# Largest known prime: 2^43,112,609 - 1

By Murray Bourne, 22 Jun 2009

A reader wrote to say that there was an error on the page Number Properties in Interactive Mathematics. It said:

2

^{13466917}− 1. (This is huge - around 4 Ă— 10^{506,756}).

When I wrote the page, this was indeed the highest known prime, but in 2008, the GIMPS project (the distributed computing Great Internet Mersenne Prime Search) found an even larger one:

2^{43,112,609} − 1

This prime has around 13 **million** digits. Here are some of them (with millions of digits omitted in the middle):

[Image source: ScienceNews - no longer available]

It's an example of a Mersenne Prime, which are of the form 2^{x} − 1.

The first Mersenne Prime is 2^{2} − 1 = 3, and the next is 2^{3} − 1 = 7.

But not all numbers in this form are prime, for example 2^{4} − 1 = 15 is not prime.

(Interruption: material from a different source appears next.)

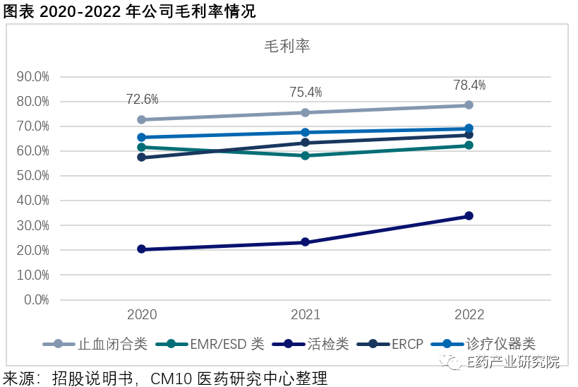 在安杰思现有的业务板块中,止血闭合类产品占比最高,2020-2022年占比分别为51.30%、56.46%以及54.94%,是公司主要的现金流业务。该产品线的毛利率在公司产品组合中也是最高的,分别为72.6%、75.4%以及78.4%,保持连续增长趋势。其原因除了有产品本身结构优化外,还有扩大生产所带来的规模效应以及更高效的供应链管理。在该业务下,公司产品包括了止血夹和双极高频止血钳。

So finding primes is a matter of trying higher values of x in the expression 2^{x} − 1 and testing if they can be factored.

## What is a prime?

A prime has exactly 2 factors, itself and 1. So the first prime is the number 2 (factors 2 and 1).

## Who Cares?

Every time you use a password to access a bank account or web site, there is a good chance that a large prime number was used in the encryption process.

## Want to make some money with primes?

The Electronic Frontier Association paid $100,00 for the above prime, and are offering $150,000 for a prime with 100 million digits and $250,000 for one with 1 billion digits.

This is where distributed computing power becomes important — according to ZDNet, a single computer would need 500 years to test a billion-digit prime number.